Несомненно, в первое десятилетие нового века мировоззрение британцев сузилось, что было серьезным испытанием для моего ума; но, боюсь, если бы я попытался в этом разобраться, то вороха исписанной бумаги, которыми уже стала эта книга, превратились бы в неподъемную кипу. Благодаря экономическому развитию Америки и военной дерзости Германии вера в мировое лидерство Англии постепенно выдохлась. Долгое правление королевы Виктории, пора недорого доставшихся процветания и прогресса, породило привычку к политической праздности и легкомыслию. Как народ, мы оказались совершенно не подготовленными, и когда стало очевидно, что новые соперники бросают нам вызов, мы тут же стали задыхаться. Мы не знали, как на это ответить. Мы неохотно давали образование широким слоям британцев; наши университеты не поспевали за нуждами нового времени; правящий класс, чьи преимущества охранял всеобщий снобизм, обладал широкими взглядами, беспечностью и исключительной ленью. Эдуардовская монархия — и королевский двор, и общество — была мила и бесхребетна. «Эффективность», слово графа Розбери{322} и Уэббов, казалась педантичной и вульгарной. Наш либерализм утратил размах, превратившись в возвышенную блажь. Но многие умы пробуждались. За нашим столом в отеле «Сент-Эрминс» ожесточенно спорили Макзи, Беллэрс, Хьюинз, Эмери и Маккиндер, уязвленные небольшим, но унизительным перечнем поражений в южноафриканской войне, ощущающие угрозу экономического спада и глубоко встревоженные агрессивностью Германии на море и на суше. Спорили они в основном с либерализмом, чью сторону по-прежнему отстаивали Ривз, Рассел и я, насильно поворачивая нас от широких обобщений к конкретным проблемам.
Эти новые империалисты не видели разницы между национальной энергией и патриотической узколобостью. Сужая взгляды, можно быстро и без особых затрат увеличить эффект. Они защищали вооружение, военную подготовку, оборонительные союзы, а на широкое, действенное образование, в котором и заключено подлинное величие народа, смотрели с полнейшей беззаботностью, если не пренебрежением. Я пытался подойти к делу основательней, проследить скрытые истоки нашей инертности.
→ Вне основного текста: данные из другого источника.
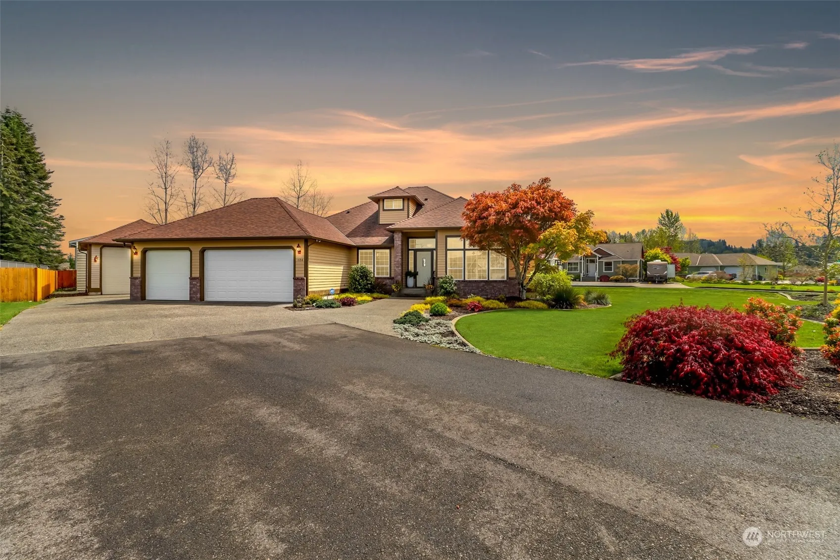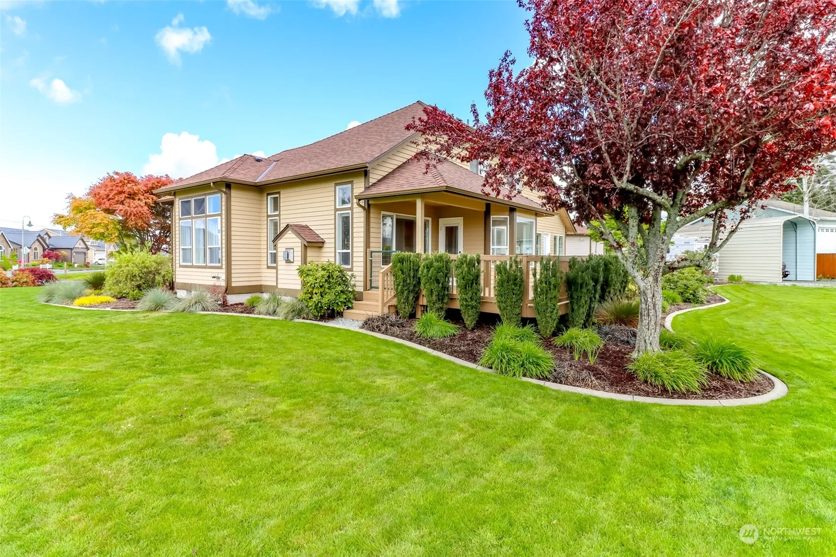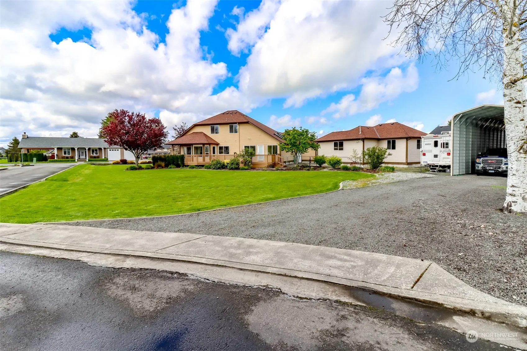 Beautiful custom home with shop on a level half acre Mt Rainier view lot. Plenty of covered spaces to park your RV, boat, or cars and have room for a workshop. Located on the corner of a quiet street. Spacious entry to formal living room, dining room and den/bedroom. Kitchen features granite counters, SS appliances, island, and dining nook. Enjoy your morning coffee on the back deck with a mountain view. Main level primary bedroom is conveniently located near the laundry room and features a walk-in closet and attached bath w/jetted tub. French door opens to the deck. Upstairs are 2 large bedrooms and a full bath. Attached 3 car finished garage, detached 2 car heated shop, RV parking with a separate drive entry. Beautifully landscaped yard.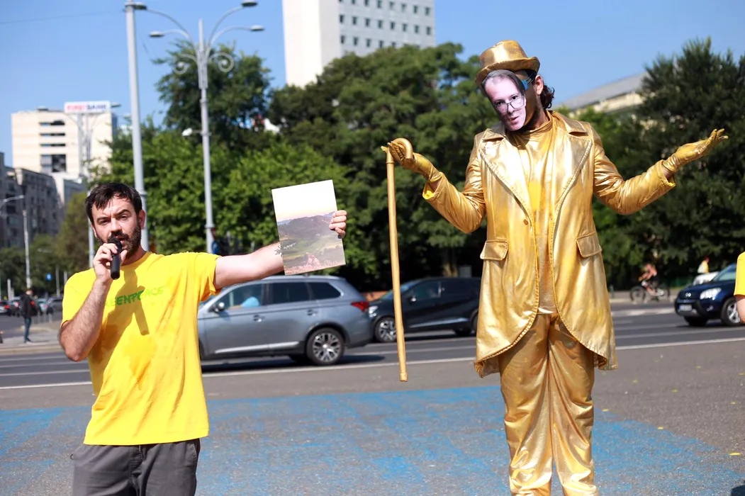 Protest în Piața Victoriei după declarațiile premierului despre Roșia Montană. Greenpeace: „Florin Cîțu devine cel mai nou susținător al exploatării cu cianuri în Apuseni”. Reacția Guvernului | FOTO, VIDEO

Я говорил (что в основном списывали на простительную эксцентричность) о вреде монархии, о недоброжелательности высших кругов к подлинному таланту, а также о том, что всю сферу образования монополизировали Оксфорд и Кембридж. Я полагал, что если бы Великобритания стала республикой еще в начале XIX века и вместо привилегированных средневековых заведений и расцвета личной, едва ли не феодальной, преданности основала современную, распространенную по всей империи систему университетов с центром в Лондоне, она бы во многом вернула былое единство с Америкой и совсем иначе смотрела в лицо всему миру. Наш образ мыслей, доказывал я, все еще связан с родовыми поместьями, все еще служит высшему обществу в духе XVIII века, ибо мы упустили свою революцию. Как видите, сплошные «если» и «бы», но так я тогда рассуждал.
Вскоре Бертран Рассел решительно порвал с клубом. Произошел спор, при котором я, к сожалению, не присутствовал. Хьюинз, Эмери и Маккиндер заявили, что они фанатично преданы империи. «Это моя империя, права она или нет», — говорили они. Рассел отвечал, что массу вещей он ставит выше империи. Он бы скорее дал погибнуть империи, чем пожертвовал свободой. Если эту преданность клуб и собирается проповедовать… И ушел, как типичный либерал-эгоцентрик, не посоветовавшись со мной. Позже мне передали общий смысл спора. Я сказал, что полностью на его стороне. Империя — удобство, но не божество. Хьюинз, протестуя, почти расчувствовался. Он империю любил. Объяснить свою любовь он мог не лучше, чем муж, которому предложили объяснить, почему он любит жену. Мне пришлось сдаться. Я сказал, что никогда не испытывал вкуса к изгойству, а потому не последую за Расселом, если только они сами меня не прогонят. Чем громче звучала в клубе эта империалистическая чушь, тем нужнее было, чтобы ей противостоял хотя бы один голос. Словом, прибив свой флаг к мачте, а себя — к обеденному столу, я остался, и мы продолжали прекрасно ладить друг с другом.
Как ни странно, из всех членов клуба самым близким по складу ума я считал Милнера. Он понимал, что мы должны построить новый мир; другое дело, что у него совершенно не было моей безответственной дерзости. Поэтому он впал в империалистический монархизм — чему, возможно, способствовало то, что он учился в Германии. Но по многим более мелким вопросам мы были согласны.